Cliff Garland got 4th in the Am. with Ricky I believe. Lou Magee got 3rd. Tom Bogusky got 2nd.

Thank you to all the judges. Thanks also to those that helped. Great team effort by many non-club members especially Saturday during some pretty bad weather.

Congratulations also to Jack Stevens and Babe on her 2nd in the Qual. Also to Greg Lister for getting 3rd in the Qual.! I think Dex got the win? Way to go Dex!!!

Linda Bogusky's little 9 month old got a "greenie "in the Derby!!!!!!


John


----------



## tom barrale (Feb 22, 2008)

Actually, John Goettl won the Qual with Pete and Dex got RJ with Dave Hemminger's Trigger (Cori puppy).


----------



## John Gassner (Sep 11, 2003)

Thanks Tom, I'll have the full results posted later today. I was hoping someone would catch any mistakes I posted.

Thanks again for judging for us.
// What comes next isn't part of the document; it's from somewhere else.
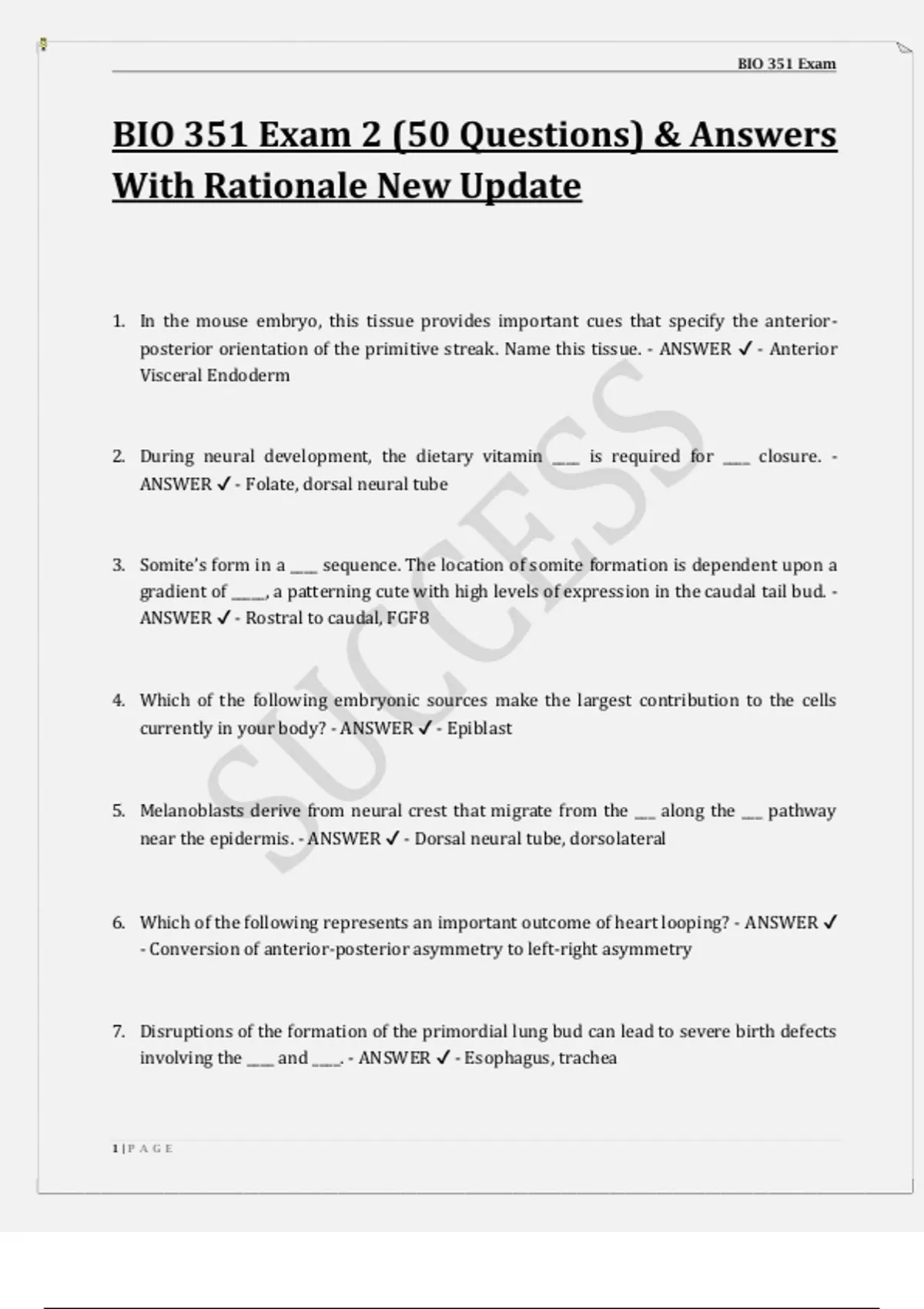 BIO 351 Exam 2 (50 Questions) & Answers New Update
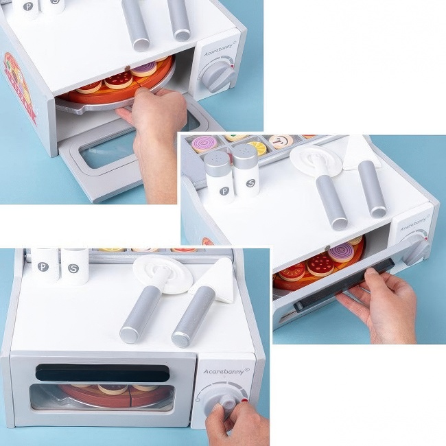 Napravi pizzu - drveni set koji sadrži šporet za pečenje pice, picu, pribor za jelo, različite sastojke za picu, i dr. Odlična igračka za igre mašte i uloga koja podstiče društvene vješti... pročitaj više

You and Jane did a great job with wonderful tests.


John


----------



## John Gassner (Sep 11, 2003)

Results posted on EE. https://www.entryexpress.net/loggedin/viewentries.aspx?eid=3092


----------



## Becky Mills (Jun 6, 2004)

Way to go Jakester!!!! We're so glad you're back!
Even if I don't have the tee shirt regards,
Becky


----------



## Vicki Worthington (Jul 9, 2004)

> Heard they ran off the dam on that back lake they always use, and its the same old marks from either a previous Open or National. Does anyone have any originality anymore? Every time I go to St Louis its the same old marks from a previous field trial. If the people in St louis can't win this trial they might want to start training at Busch a little more often. Same dang marks everytime.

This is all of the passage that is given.